The data is to be repeated exactly, with the images removed.
Segment Start: RECORDED DATA
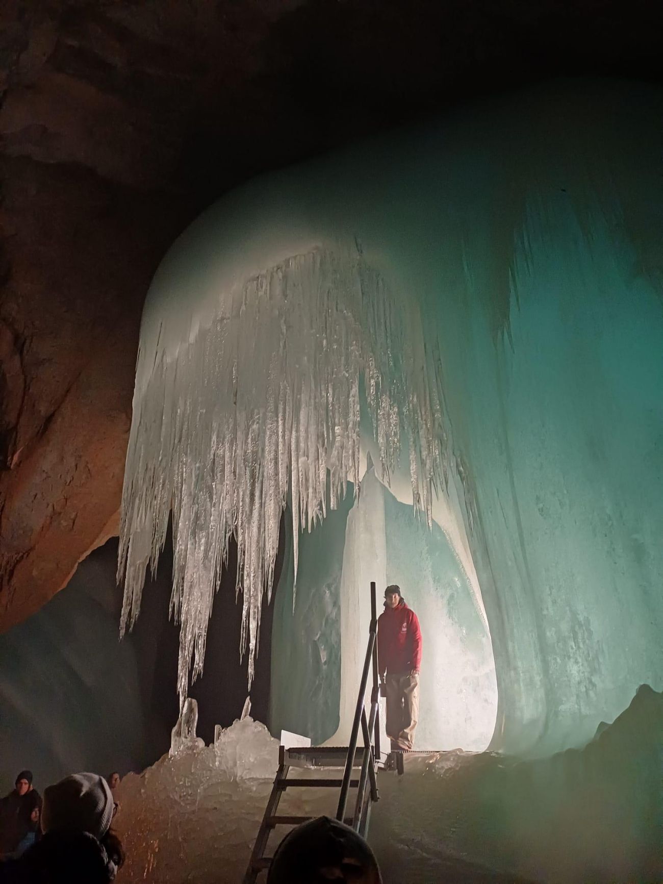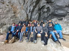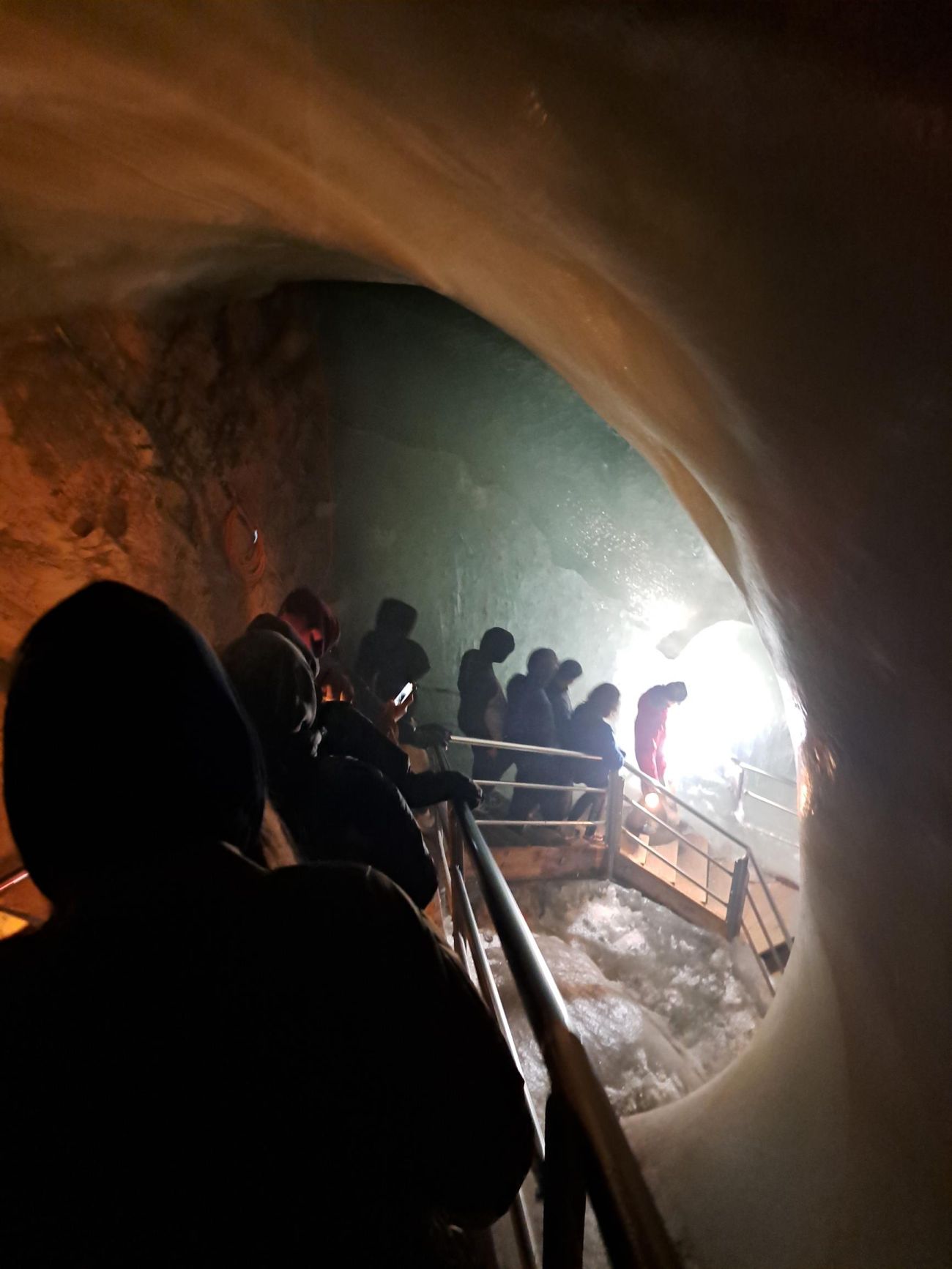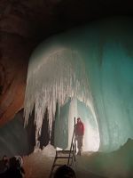 Am zweiten Tag stand ein Ausflug ins Tennengebirge auf dem Programm. Die Anreise erfolgte mit dem Zug bis zum Bahnhof Werfen, von wo uns ein kleiner Shuttlebus in einer rasanten, gut 10-minütigen Fahrt über eine schmale Serpentinenstraße auf rund 1000m Seehöhe brachte. Der weitere Weg zur Eisriesenwelt (immerhin 600 Höhenmeter) wurde zu Fuß zurückgelegt, wobei der steilste Abschnitt mit einer kurzen Seilbahnfahrt abgekürzt werden konnte. Der mäßig starke Regen machte uns kaum zu schaffen, da der Weg mittlerweile großteils unter Lawinenverbauungen durchführt, die Fernsicht blieb jedoch aufgrund des Nebelwetters aus. In der rund 70-minütigen Führung durch die größte Eishöhle der Welt waren verschiedene Eisformationen zu bestaunen. Traditionellerweise wird die Höhle mit kleinen Lämpchen mit offenem Feuer erkundet, auf elektrische Beleuchtung wird gänzlich verzichtet.  Der Aufstieg erfolgt über 700 Stufen, die man dann natürlich auch wieder hinabsteigen muss. So wurde wenigstens jedem warm, trotz der eisigen Temperaturen in der Höhle von knapp über 0°C. Zwischendurch wurde dem Führer auch noch ein Geburtstagsständchen gesungen – erlebt man auch nicht alle Tage. Auf dem Rückweg wurde noch bei einer Jausenstation ein Päuschen eingelegt und ein gemeinsames Mittagessen eingenommen, bevor wir den Rückweg nach Salzburg antraten.
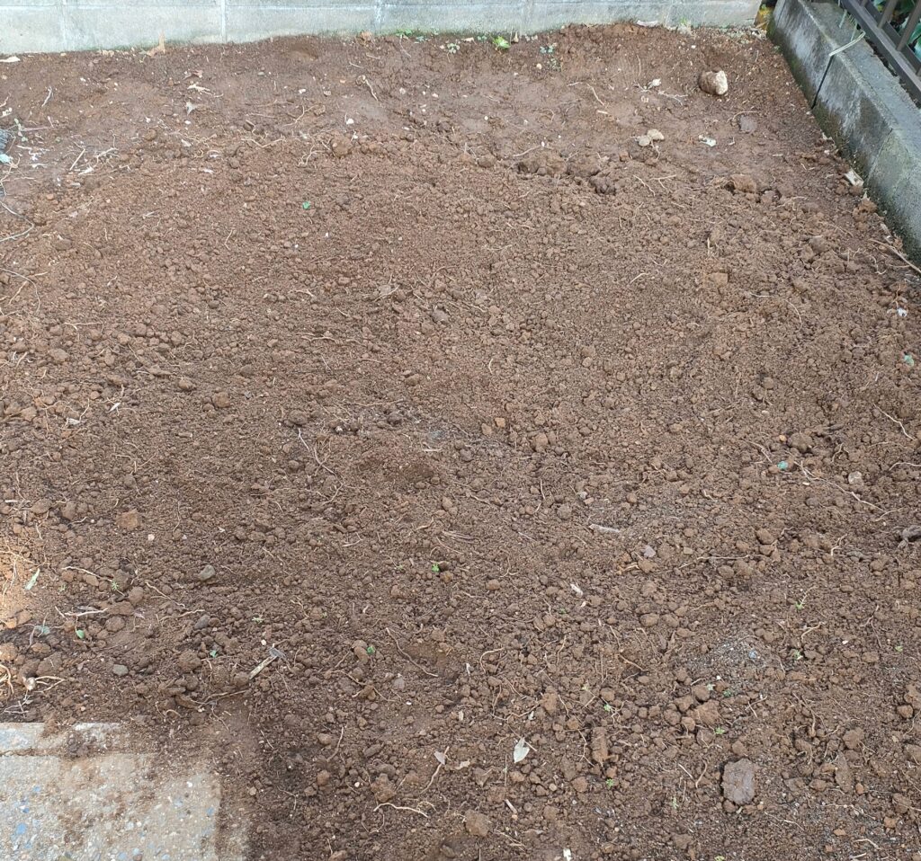 もう庭の手入れも、草取りも苦痛になってしまったので、片付けて人工芝にすることにしたのです
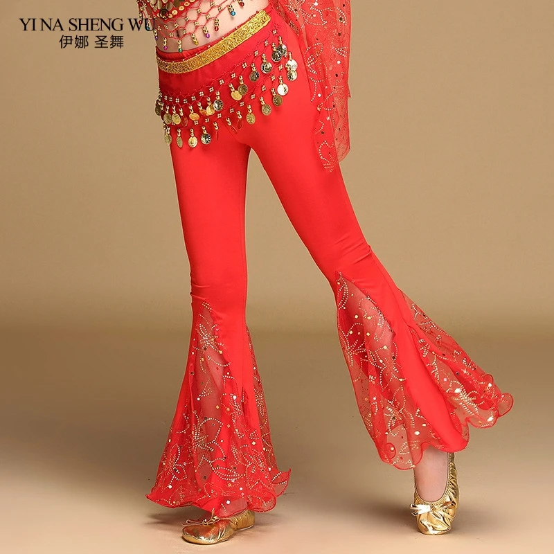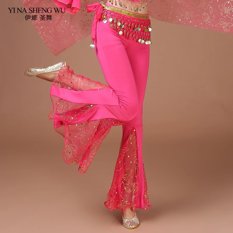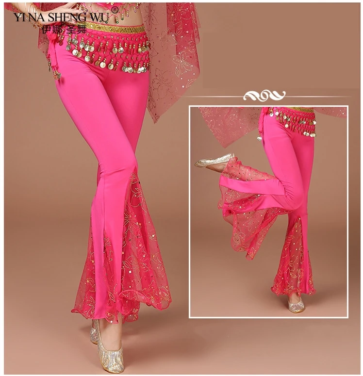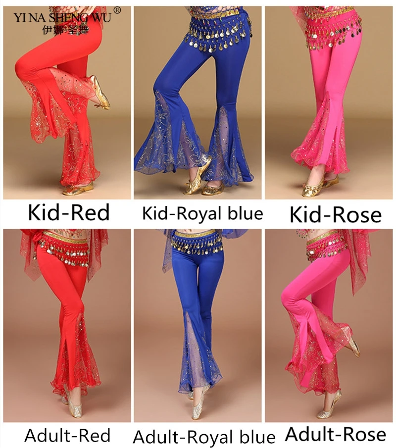 Детские брюки для танца живота из молочного шелка, 3 цвета, тренировочный костюм для танца живота, штаны для танца живота, для женщин, индийская принцесса, с блестками
Segment End: RECORDED DATA
EXERCISE RESPONSE:
 Am zweiten Tag stand ein Ausflug ins Tennengebirge auf dem Programm. Die Anreise erfolgte mit dem Zug bis zum Bahnhof Werfen, von wo uns ein kleiner Shuttlebus in einer rasanten, gut 10-minütigen Fahrt über eine schmale Serpentinenstraße auf rund 1000m Seehöhe brachte. Der weitere Weg zur Eisriesenwelt (immerhin 600 Höhenmeter) wurde zu Fuß zurückgelegt, wobei der steilste Abschnitt mit einer kurzen Seilbahnfahrt abgekürzt werden konnte. Der mäßig starke Regen machte uns kaum zu schaffen, da der Weg mittlerweile großteils unter Lawinenverbauungen durchführt, die Fernsicht blieb jedoch aufgrund des Nebelwetters aus. In der rund 70-minütigen Führung durch die größte Eishöhle der Welt waren verschiedene Eisformationen zu bestaunen. Traditionellerweise wird die Höhle mit kleinen Lämpchen mit offenem Feuer erkundet, auf elektrische Beleuchtung wird gänzlich verzichtet.  Der Aufstieg erfolgt über 700 Stufen, die man dann natürlich auch wieder hinabsteigen muss. So wurde wenigstens jedem warm, trotz der eisigen Temperaturen in der Höhle von knapp über 0°C. Zwischendurch wurde dem Führer auch noch ein Geburtstagsständchen gesungen – erlebt man auch nicht alle Tage. Auf dem Rückweg wurde noch bei einer Jausenstation ein Päuschen eingelegt und ein gemeinsames Mittagessen eingenommen, bevor wir den Rückweg nach Salzburg antraten.
 もう庭の手入れも、草取りも苦痛になってしまったので、片付けて人工芝にすることにしたのです
 Детские брюки для танца живота из молочного шелка, 3 цвета, тренировочный костюм для танца живота, штаны для танца живота, для женщин, индийская принцесса, с блестками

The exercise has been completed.